Network end users to pull down 2 gigabytes a day, continuously?
constantinegi at corp.earthlink.net
Mon Jan 15 14:50:51 UTC 2007
The problem with this all (or mostly) VoD model is the entrenched
culture. In countries outside of the U.S. with smaller channel
lineups, an all VoD model might be easier to migrate to over time. In
the U.S., where we have 200+ channel lineups, consumers have become
accustomed to the massive variety and instant gratification of a
linear lineup. If you leave it to the customer to choose their
programs, and then wait for them to arrive and be viewed, the instant
gratification aspect is lost. This is important to consumers here.
While I do not think an all or mostly VoD model will work for
consumers in U.S. in the near term (next 5 years), it may work in the
long term (7-10 years).

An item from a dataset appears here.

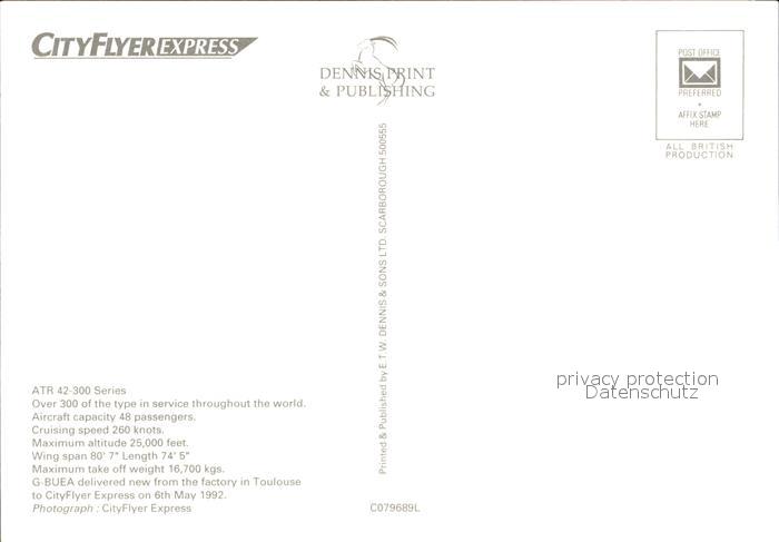 Flugzeuge zivil CityFlyer Express ATR 52 300 Series postalisch nicht gelaufen Erhaltung siehe scans

There are so many obstacles in the way from a
business side of things, though.
Gian Anthony Constantine
Senior Network Design Engineer
On Jan 15, 2007, at 9:31 AM, Joe Abley wrote:
> On 15-Jan-2007, at 08:48, Michal Krsek wrote:
>> This system works perfectly in our linear-line distribution
>> (channels). As user you can choose time you want to see the show,
>> but not the show itself. Capacity on PVR device is finite and if
>> you don't want to waste the space with any broadcasted content you
>> have to program the device. I have ten channels in my cable TV and
>> sometimes I'm confused what to record. Beeing in the US and paid
>> for ~100 channels will make me mad to crawl channel schedules :-)
>> So the technology is nice, but not a "What you want is what you
>> get". So you cannot address the long tail using this technology.
> These are all UI details.
> The (Scientific Atlanta, I think) PVRs that Rogers Cable gives
> subscribers here in Ontario let you specify the *names* of shows
> that you like, rather than selecting specific channels and times; I
> seem to think you can also tell it to automatically ditch old
> recorded material when disk space becomes low.
> One thing that may not be obvious to people who haven't had this
> misfortune of consuming it at first hand is that North American TV,
> awash with channels as it is, contains a lot of duplicated content.
> The same episode of the same show might be broadcast tens of times
> per week; the same advertisement might be broadcast tens of times
> per hour.
> How much more programming would the existing networks support if
> they were able to reduce those retransmissions, relying on the
> ubiquity of set-top boxes with PVR functionality?